The second persisting conversation, which results from the tendency to view persons from a hypercognitive framework, is to do with the legal notion of decision-making capacity or competence. These words are used interchangeably and reflect different jurisdictions. In the Introduction it was suggested that the narrow legal focus on capacity or competence requires some form of augmentation. It is easy to see why competence might be regarded as central to ethical debates in dementia. The loss of competence affects the person’s autonomy. Autonomy is sometimes regarded as the central principle of liberal democracy and Western biomedical ethics. The threat to autonomy posed by dementia, therefore, is crucial. Having or not having the mental ability to decide for yourself becomes, as a consequence, of central importance in discussions about bioethics in connection with dementia.

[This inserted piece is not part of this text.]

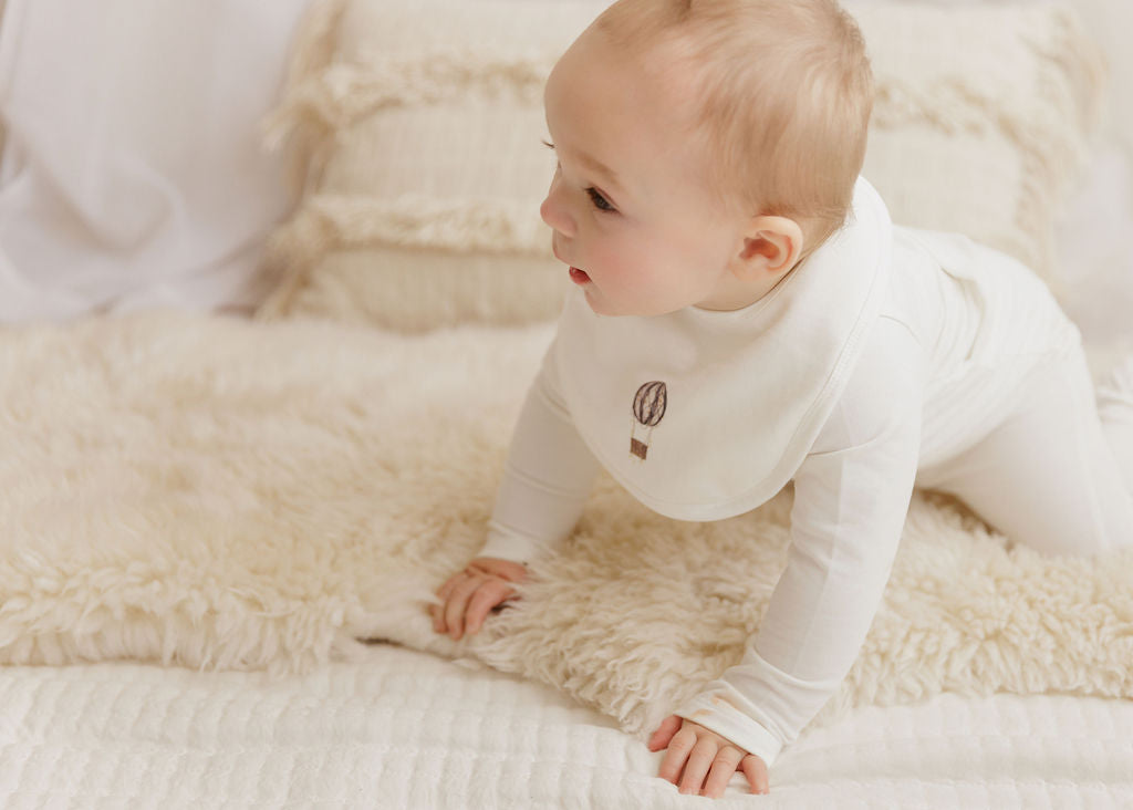 Wrap your little one in cozy comfort with the French Terry Hot Air Balloon Collection in Ivory. Crafted from soft, breathable fabric, this collection ensures gentle warmth and ease of movement. The charming hot air balloon design adds a playful touch to everyday wear, making it perfect for both snug naps and lively playtime. Delight in quality and style made for your baby’s comfort and your peace of mind.

As an example, when issues arise around the expression of sexuality or intimacy in care homes for people with dementia, the question of competence quickly arises. If one of the partners is said to lack the competence to consent to the sexual activity, then the behavior of the partner looks like sexual assault and might even, very reasonably, be regarded in legal terms as rape. From a different perspective, however, where human interaction and intimacy are not purely regarded in terms of cognitive competencies, even if in legalistic terms competent decision-making is absent, it might yet be that a degree of intimacy is not only permissible, but also ethical as a means to enhance a person’s quality of life.

Of course, in societies where the notion of autonomy is not given such preeminence, the individual’s standing as a person will not be so affected by apparent loss of autonomy. In any case, it is not apparent that anyone (at any age) can be said to be autonomous pure and simple without a good deal of dependence on others for a variety of things. Thus, we find Agich (2003) setting out the ways in which autonomy must be thought of as the opposite side of the same coin as dependence: we achieve autonomy through our dependence. In this more situated or embedded view of the person, it makes more sense to speak of someone’s personhood being maintained by the actions and attitudes of those around, especially by close friends and family (Hughes 2011a).

Definitions In Dementia

So far the term “dementia” has been used as if it were unproblematic. It is controversial. A number of experts in the field have suggested that it should be jettisoned. First, it is imprecise; secondly, it is stigmatizing. “Dementia” is, after all, an umbrella term. It defines a syndrome characterized by global cognitive impairment, with variable changes in personality, affect, and behavior and a variety of physical manifestations. It is an acquired syndrome; in other words it is not present at birth. It is normally progressive and incurable. There is a huge number of specific diseases that cause dementia, perhaps over one hundred, but the four most common conditions are Alzheimer’s disease, vascular dementia, dementia with Lewy bodies, and front temporal degeneration. This is not the place to set out the details of these conditions (Hughes 2011b). The point is, however, that saying someone has dementia does not really tell anyone much about them. It could be that the person will present with profound memory problems (as in Alzheimer’s disease), or she might present with visual hallucinations (dementia with Lewy bodies), or he may simply appear to have a subtle change in his personality (as in front temporal degeneration). So the term “dementia” is imprecise.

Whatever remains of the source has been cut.